*WHAT YOU HAVE TO DO:* Using the data below, restate exactly every line from the one with "S/A/AO系列70E(一段式蝸輪減速機)外形尺寸表 1" up to and including the one with "今年4月,徐琴琴开始在重庆华". No picture belongs in it.

*DATA IN THIS EXERCISE:*
BEGIN

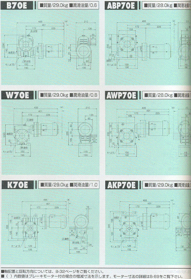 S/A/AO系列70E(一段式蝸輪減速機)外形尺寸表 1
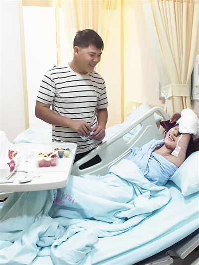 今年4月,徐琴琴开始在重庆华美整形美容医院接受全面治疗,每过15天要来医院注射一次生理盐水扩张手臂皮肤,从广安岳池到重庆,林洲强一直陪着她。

END
BEGIN

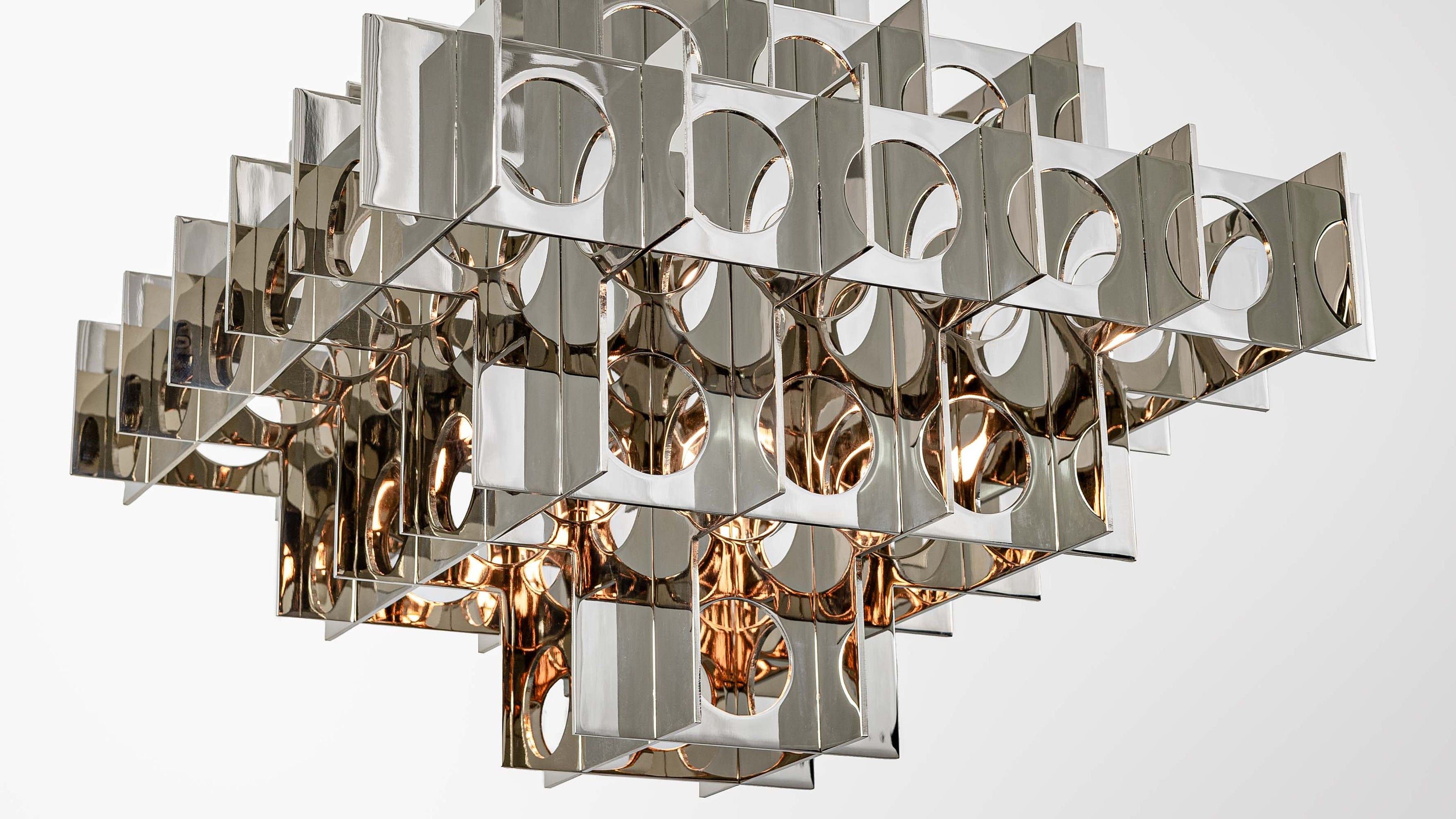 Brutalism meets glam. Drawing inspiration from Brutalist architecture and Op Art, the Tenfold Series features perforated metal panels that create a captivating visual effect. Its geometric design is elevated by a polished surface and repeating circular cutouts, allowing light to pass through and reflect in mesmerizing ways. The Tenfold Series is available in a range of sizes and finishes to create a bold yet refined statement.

END
BEGIN

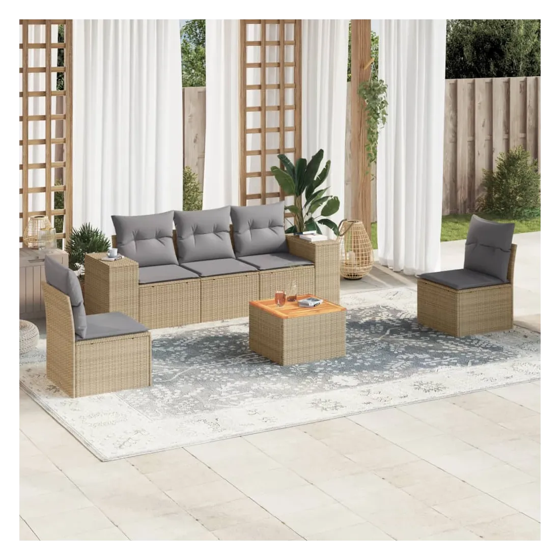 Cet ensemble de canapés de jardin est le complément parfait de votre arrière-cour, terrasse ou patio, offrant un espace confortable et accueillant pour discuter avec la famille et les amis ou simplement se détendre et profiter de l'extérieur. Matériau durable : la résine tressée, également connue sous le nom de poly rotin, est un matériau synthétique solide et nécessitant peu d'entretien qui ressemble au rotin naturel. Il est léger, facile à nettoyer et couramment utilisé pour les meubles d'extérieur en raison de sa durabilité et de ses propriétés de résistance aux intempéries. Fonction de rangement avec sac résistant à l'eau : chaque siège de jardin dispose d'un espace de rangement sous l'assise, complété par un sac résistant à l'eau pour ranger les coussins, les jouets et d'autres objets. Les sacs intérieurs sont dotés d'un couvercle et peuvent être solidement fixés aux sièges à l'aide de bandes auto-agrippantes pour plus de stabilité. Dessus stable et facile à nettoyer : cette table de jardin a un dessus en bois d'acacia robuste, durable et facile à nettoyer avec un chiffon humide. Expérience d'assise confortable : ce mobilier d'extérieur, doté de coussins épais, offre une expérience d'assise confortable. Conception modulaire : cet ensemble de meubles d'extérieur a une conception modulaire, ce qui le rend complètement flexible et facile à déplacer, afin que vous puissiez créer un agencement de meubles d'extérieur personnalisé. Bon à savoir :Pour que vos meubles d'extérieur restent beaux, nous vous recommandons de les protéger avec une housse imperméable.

END

*ANSWER BOX:*
 S/A/AO系列70E(一段式蝸輪減速機)外形尺寸表 1
 今年4月,徐琴琴开始在重庆华美整形美容医院接受全面治疗,每过15天要来医院注射一次生理盐水扩张手臂皮肤,从广安岳池到重庆,林洲强一直陪着她。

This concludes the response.